Venous anatomy starts with a thick outer layer of connective tissue called the tunica externa or adventitia, a middle layer of smooth muscle called the tunica media, and an interior layer of endothelial cells called the tunica intima.[1] As veins do not function like arteries in a primarily contractile manner and are not subject to the same high pressures to which arteries are exposed, veins' smooth muscle layer is less muscular than arteries. Veins also contain valves to prevent backflow.[2] The scalp's veins drain the deoxygenated blood from the scalp muscles and back to the right heart via the internal and external jugular veins and the superior vena cava. As previously mentioned, the valveless emissary veins connect the superficial veins to intracranial venous sinuses and diploic veins of the skull. Here, the blood supply and lymphatics of the scalp veins, starting with the superficial components anteriorly and moving posteriorly, are described (see Image. Lymphatic Supply for the Scalp).
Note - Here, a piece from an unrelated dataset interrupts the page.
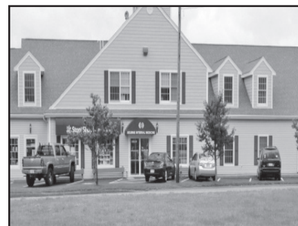
Bourne $ call

Lease 2,256 sq ft available with Drive-thru, 1/2 mile from Bourne Rotary, 1.89 acres.

Supratrochlear and Supraorbital Veins

The supratrochlear vein originates on the forehead, draining the superficial muscles and skin of the forehead and the front of the scalp supplied by the supratrochlear artery into the angular vein; there is no associated lymph tissue. The supraorbital vein originates on the forehead, and its anastomosis with the frontal branch of the superficial temporal vein serves to drain the area of the forehead, eyebrow, and upper eyelid supplied by the supraorbital artery that anastomoses with the frontal branch of the superficial temporal vein.[3] The vein travels caudally over the frontal bone and superficial to the frontalis muscle before splitting to join the supratrochlear vein inferiorly and the superior ophthalmic vein medially; it also has no associated lymph tissue.

Superficial Temporal Vein

The superficial temporal vein has frontal and parietal branches, which drain the superficial muscles and skin of the temporal region. It originates from a venous plexus on the side of the head, travels laterally from the temporal region over the zygomatic arch, and enters the parotid gland to become the retromandibular vein, where it joins the transverse facial vein.[4][5] The retromandibular vein drains into the internal jugular via its anterior branch and the external jugular via its posterior branch. The frontal branch also connects to a parietal emissary vein that runs from the side of the head to the top of the head, where it pierces the cranium and communicates with the superior sagittal sinus.[6] The parietal branch anastomoses with the occipital vein. The parotid and auricular lymph vessels are located both anteriorly and posteriorly of the superficial temporal vein and artery, and the superficial parotid and preauricular lymph nodes located posteriorly drain the area supplied by the branches of the superficial temporal artery.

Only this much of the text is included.